Как показывают исследования, сообщества с низким уровнем доверия, испытывая трудности с решением проблемы коллективных действий, сталкиваются с осязаемыми проблемами недопроизводства общественных благ. Так, например, в обществах с низким уровнем социального капитала остаются неразвитыми институты корпоративной социальной ответственности. В отсутствие распро­страненных норм взаимной честности социальное предпринимательство подрывается недоверием клиентов, не допускающих мысли об искренних намерениях частных лиц решать общественные проблемы. В странах и регионах с низким уровнем социального капитала общество оказывается не способно противостоять избыточному государственному вмешательству в экономику, более того, склонны приветствовать его, даже в случае общеизвестной коррум­пированности органов власти.

Наиболее важным и интересным вопросом остается поиск факторов динамики социального капитала. Почему в одних обществах он выше, чем в других? Какие механизмы обусловливают устойчивость или, наоборот, уязвимость норм честности и доверия? При ответе на этот вопрос исследователи сталкиваются с проблемой взаимовлияния большого количества факторов во времени.

Уже упоминавшиеся Л. Гуизо, П. Сапиенца и Л. Зингалес, используя большой массив экономических, исторических и географических данных о районах Италии, с помощью эконометрического анализа, в целом, подтвердили гипотезу Патнэма — исторический опыт независимости почти на 50% объясняет современные различия в уровне социального капитала между Севером и Югом страны. Основным механизмом устойчивости норм кооперации во времени исследователи считают культурную инерцию, которая позволяет передавать нормы, вызванные положительным или отрицательным опытом из поколения в поколение на протяжении многих лет.

Другими словами, положительный опыт взаимной кооперации может быть обеспечен, как действием внешнего механизма принуждения, так и регулярными взаимодействиями, в которых формируется специфический актив репутации, может быть достигнут случайным образом. В любом случае появляется вероятность закрепления кооперации как нормы, существенно влияющей на выбор стратегии в будущем. Точно также негативный опыт некооперативного поведения контрагента способен «обучить» индивида не доверять людям и, соответственно, не участвовать в кооперации. Соответственно, динамика социального капитала взаимосвязана с качеством формальных правил, степенью гетерогенности сообщества—дифференциации по доходам, уровню образования, этнической и религиозной принадлежностью. Закреплению норм честности и доверия служит участие в различного рода группах и ассоциациях. Фактически, можно сказать, что социальный капитал производится организациями гражданского общества. В 90-х гг. XX в. социальный капитал в России существенно уменьшился — за счет резкого роста социального неравенства, слабости формальных правил и т.д. Теперь уже низкий уровень социального капитала препятствует решению данных проблем. Однако формирование правил и механизмов, принуждающих к кооперации на локальном и национальном уровнях, может привести к восстановлению социального капитала.

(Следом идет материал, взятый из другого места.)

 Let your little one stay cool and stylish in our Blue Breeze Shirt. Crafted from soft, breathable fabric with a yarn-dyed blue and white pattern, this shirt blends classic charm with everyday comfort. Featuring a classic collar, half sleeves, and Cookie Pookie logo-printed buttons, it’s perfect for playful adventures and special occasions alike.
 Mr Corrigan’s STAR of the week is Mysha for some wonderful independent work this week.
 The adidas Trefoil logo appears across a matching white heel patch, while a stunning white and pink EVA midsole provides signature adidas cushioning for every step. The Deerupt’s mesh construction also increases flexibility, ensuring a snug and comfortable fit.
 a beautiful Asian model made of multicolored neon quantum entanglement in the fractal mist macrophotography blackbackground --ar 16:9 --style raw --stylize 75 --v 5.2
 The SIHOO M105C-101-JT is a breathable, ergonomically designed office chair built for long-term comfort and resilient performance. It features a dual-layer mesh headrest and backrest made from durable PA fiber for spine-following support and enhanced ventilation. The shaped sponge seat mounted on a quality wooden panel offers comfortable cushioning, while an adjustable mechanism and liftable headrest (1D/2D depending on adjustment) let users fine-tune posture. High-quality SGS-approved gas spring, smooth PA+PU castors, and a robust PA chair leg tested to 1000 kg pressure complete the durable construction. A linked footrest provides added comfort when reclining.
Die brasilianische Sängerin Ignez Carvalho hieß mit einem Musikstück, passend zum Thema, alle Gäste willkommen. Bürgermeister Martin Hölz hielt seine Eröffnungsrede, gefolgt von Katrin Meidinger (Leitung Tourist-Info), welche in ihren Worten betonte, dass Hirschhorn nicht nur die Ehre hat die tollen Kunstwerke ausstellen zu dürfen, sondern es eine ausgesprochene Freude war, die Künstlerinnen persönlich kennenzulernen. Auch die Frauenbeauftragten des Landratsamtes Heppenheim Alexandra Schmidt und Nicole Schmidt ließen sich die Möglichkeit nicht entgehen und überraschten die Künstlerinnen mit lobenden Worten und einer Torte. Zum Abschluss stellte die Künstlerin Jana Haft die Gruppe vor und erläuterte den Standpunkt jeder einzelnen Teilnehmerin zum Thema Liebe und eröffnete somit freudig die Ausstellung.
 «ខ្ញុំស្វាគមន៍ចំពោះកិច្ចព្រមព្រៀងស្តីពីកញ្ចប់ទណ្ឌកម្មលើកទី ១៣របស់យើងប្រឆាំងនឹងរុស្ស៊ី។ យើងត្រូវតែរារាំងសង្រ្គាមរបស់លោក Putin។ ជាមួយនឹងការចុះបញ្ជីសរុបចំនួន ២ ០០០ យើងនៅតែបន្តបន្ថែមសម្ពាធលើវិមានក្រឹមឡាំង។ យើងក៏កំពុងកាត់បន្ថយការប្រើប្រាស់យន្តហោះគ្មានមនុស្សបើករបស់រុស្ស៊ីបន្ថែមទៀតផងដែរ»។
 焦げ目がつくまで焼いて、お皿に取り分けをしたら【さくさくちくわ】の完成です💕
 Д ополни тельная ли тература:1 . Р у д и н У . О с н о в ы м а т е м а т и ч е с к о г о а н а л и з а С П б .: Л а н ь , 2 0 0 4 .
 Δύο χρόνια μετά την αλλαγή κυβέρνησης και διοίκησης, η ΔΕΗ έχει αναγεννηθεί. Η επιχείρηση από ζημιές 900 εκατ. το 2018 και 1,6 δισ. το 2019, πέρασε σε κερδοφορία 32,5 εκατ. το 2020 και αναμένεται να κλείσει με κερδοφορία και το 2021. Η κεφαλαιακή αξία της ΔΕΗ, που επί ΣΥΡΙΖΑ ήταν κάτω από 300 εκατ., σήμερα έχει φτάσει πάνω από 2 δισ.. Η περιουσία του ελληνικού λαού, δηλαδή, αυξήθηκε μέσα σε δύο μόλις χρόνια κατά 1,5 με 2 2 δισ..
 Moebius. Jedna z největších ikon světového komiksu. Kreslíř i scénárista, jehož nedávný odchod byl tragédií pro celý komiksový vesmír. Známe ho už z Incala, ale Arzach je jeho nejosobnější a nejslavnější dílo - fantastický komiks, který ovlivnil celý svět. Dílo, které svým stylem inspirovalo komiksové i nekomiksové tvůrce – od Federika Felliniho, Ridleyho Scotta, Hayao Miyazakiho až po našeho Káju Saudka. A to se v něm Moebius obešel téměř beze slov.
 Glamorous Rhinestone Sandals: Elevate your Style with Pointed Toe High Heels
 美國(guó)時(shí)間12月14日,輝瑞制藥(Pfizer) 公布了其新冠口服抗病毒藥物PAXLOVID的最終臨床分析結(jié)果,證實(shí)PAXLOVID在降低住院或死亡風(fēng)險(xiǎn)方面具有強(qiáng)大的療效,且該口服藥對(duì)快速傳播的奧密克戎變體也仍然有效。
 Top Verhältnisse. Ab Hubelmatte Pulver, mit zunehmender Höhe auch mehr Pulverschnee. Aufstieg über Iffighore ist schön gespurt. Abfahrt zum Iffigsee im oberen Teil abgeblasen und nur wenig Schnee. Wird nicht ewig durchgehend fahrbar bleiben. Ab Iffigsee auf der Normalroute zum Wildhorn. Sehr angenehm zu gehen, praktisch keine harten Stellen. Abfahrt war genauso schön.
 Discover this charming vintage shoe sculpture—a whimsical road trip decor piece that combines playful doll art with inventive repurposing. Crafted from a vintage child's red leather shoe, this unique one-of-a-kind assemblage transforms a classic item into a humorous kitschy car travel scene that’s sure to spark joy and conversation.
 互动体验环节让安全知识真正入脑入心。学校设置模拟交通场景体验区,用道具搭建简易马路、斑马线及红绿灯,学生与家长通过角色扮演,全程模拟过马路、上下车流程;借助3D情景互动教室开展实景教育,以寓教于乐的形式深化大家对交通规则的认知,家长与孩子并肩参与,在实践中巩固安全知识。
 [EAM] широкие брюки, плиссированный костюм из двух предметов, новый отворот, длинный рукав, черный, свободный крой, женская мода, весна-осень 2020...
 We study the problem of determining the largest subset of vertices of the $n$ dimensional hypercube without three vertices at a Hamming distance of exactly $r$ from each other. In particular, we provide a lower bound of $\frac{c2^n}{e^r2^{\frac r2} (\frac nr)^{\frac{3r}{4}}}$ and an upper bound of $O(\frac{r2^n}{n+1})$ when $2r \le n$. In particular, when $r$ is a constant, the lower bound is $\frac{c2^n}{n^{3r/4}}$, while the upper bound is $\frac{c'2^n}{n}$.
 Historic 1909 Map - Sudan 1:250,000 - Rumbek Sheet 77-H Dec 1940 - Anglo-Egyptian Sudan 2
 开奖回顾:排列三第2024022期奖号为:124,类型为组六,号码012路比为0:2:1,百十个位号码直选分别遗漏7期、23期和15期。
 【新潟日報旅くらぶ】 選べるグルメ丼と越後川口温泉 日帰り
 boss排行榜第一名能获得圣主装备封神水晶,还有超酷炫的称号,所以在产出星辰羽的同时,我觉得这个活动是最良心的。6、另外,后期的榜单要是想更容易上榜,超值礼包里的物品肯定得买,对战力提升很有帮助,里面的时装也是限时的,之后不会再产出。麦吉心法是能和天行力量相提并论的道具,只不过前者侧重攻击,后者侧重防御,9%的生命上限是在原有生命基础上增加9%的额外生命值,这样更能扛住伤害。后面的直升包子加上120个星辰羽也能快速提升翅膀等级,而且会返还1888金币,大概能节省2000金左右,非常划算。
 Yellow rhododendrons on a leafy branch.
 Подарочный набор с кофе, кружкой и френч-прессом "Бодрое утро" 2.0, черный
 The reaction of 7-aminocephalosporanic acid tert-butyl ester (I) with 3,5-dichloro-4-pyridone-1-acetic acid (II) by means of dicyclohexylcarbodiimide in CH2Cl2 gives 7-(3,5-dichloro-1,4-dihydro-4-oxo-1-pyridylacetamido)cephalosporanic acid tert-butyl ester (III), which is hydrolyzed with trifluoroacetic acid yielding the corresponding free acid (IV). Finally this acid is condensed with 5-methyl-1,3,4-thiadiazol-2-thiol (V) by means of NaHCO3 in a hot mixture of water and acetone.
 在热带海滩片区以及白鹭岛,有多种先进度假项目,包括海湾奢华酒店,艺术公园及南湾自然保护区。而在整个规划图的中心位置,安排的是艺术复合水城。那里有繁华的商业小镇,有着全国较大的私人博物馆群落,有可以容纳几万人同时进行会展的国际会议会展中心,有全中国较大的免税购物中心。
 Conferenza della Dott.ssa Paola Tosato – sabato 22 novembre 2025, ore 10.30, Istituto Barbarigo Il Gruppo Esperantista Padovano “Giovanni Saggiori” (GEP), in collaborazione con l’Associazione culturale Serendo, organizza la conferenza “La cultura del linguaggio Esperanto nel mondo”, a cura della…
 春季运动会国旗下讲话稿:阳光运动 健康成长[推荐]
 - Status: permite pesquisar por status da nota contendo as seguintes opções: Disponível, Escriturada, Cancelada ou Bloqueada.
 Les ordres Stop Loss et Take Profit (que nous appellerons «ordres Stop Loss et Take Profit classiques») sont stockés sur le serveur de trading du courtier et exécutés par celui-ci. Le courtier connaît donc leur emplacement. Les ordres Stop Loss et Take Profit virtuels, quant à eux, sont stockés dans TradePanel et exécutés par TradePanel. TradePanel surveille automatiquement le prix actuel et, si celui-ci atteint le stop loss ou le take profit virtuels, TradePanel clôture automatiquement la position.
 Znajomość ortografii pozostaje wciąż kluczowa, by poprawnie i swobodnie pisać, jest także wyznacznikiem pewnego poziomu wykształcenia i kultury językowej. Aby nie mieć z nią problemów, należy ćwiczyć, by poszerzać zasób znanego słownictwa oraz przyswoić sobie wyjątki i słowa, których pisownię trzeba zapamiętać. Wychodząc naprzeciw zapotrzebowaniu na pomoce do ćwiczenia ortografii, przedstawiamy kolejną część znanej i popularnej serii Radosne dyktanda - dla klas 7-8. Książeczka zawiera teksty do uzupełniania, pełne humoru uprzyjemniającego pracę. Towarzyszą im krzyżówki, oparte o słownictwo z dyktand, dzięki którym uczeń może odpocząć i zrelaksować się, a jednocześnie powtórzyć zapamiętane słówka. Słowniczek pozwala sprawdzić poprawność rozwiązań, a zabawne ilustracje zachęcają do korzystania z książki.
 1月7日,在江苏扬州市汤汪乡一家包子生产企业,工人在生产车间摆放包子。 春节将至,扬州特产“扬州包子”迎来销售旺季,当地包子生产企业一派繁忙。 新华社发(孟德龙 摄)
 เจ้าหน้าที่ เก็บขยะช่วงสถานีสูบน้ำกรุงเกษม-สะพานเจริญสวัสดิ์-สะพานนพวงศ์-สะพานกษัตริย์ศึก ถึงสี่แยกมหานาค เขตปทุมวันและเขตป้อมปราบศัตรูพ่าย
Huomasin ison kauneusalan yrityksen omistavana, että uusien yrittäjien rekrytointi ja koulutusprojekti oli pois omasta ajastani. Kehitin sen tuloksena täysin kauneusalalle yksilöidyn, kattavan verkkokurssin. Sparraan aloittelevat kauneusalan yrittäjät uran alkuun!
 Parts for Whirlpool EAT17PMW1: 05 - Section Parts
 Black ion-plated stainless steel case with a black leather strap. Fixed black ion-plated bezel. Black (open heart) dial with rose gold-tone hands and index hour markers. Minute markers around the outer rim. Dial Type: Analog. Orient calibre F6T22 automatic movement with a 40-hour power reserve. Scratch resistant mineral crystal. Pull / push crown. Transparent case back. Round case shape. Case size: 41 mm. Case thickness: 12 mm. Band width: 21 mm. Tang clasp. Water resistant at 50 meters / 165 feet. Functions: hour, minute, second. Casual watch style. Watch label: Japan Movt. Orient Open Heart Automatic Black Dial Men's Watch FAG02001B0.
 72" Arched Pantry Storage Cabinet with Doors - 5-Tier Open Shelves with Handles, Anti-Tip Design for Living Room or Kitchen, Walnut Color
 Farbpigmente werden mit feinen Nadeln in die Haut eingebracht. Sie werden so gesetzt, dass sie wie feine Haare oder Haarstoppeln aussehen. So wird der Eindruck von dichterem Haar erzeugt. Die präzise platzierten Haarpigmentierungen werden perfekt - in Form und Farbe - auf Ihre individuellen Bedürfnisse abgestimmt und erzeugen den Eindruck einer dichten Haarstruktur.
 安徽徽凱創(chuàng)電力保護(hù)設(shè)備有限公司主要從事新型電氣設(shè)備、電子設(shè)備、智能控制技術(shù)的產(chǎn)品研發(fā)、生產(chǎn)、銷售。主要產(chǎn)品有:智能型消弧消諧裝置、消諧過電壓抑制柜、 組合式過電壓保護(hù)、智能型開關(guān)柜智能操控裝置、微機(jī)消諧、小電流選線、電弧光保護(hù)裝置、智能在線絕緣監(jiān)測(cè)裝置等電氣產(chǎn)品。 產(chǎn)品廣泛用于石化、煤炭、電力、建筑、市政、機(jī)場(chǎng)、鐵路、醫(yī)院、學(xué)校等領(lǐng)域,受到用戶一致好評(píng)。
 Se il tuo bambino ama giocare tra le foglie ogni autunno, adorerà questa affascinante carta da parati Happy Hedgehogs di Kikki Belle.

Можно заключить, что социальный капитал является фактором эффективности неформальных правил сообщества, которые производятся как общественное благо. Если эти неформальные правила содержательно соответствуют формальным правилам, их действенность будет взаимно укрепляться за счет большей эффективности механизма принуждения. В противном случае формальные и нефор­мальные правила будут видоизменять друг друга.